Mori Mari ( Japanese 森 茉莉 ; born January 7, 1903 , † June 6, 1987 in Tokyo ) was a Japanese writer.

The daughter of the writer Mori Ōgai attended the Catholic mission school of the order of the Sœurs de Saint-Paul de Chartres . At the age of sixteen she married the Romance studies professor Yamada Tamaki , whom she accompanied on a study trip to Paris in 1922/23. The marriage was divorced like a second with the medicin Satō Akira.

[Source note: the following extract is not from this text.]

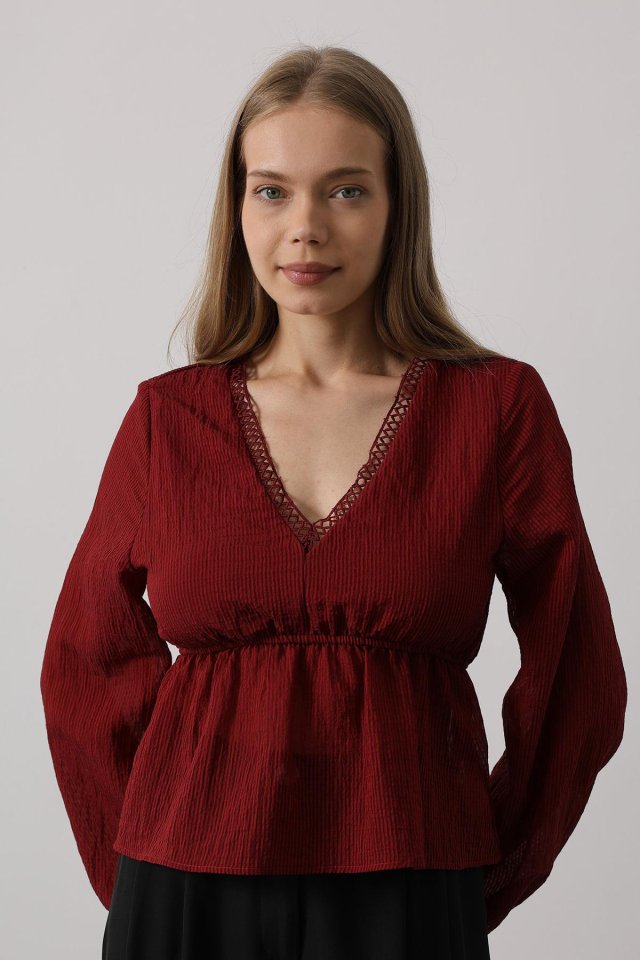V Yaka Dantelli Bluz – Bordo

It was not until 1957 that she emerged as a writer with the collection of essays Chichi no bōshi ( 父 の 帽子 , "My father's hat"). Another collection of essays, Kutsu no oto ( 靴 の 音 ), appeared the following year. In 1959 she published her first short story Nōhaishoku no sakana ( 濃 灰色 の 魚 ). For the collection Koibitotachi no mori ( 恋人 た ち の 森 ) she received the Tamura Toshiko Prize in 1962 . Works like Kareha no nedoko ( 枯葉 の 寝 床 , 1962), Zeitaku bimbō ( 贅 沢 貧乏 , 1963), Akuma no kotachi (1964) and the ironic self-portrait Kichigai Maria ( 気 違 い マ リ ア , 1967) followed.

In 1968 the essay volumes Watakushi no bi no sekai ( 私 の 美 の 世界 ) and Kioku no e ( 記憶 の 絵 ) were published. Until 1975 she worked on the novel trilogy Amai mitsu no heya ( 甘 い 蜜 の 部屋 ). In the same year she was awarded the Izumi Kyōka Literature Prize. In her later years, Mori published mostly literary reviews in various magazines.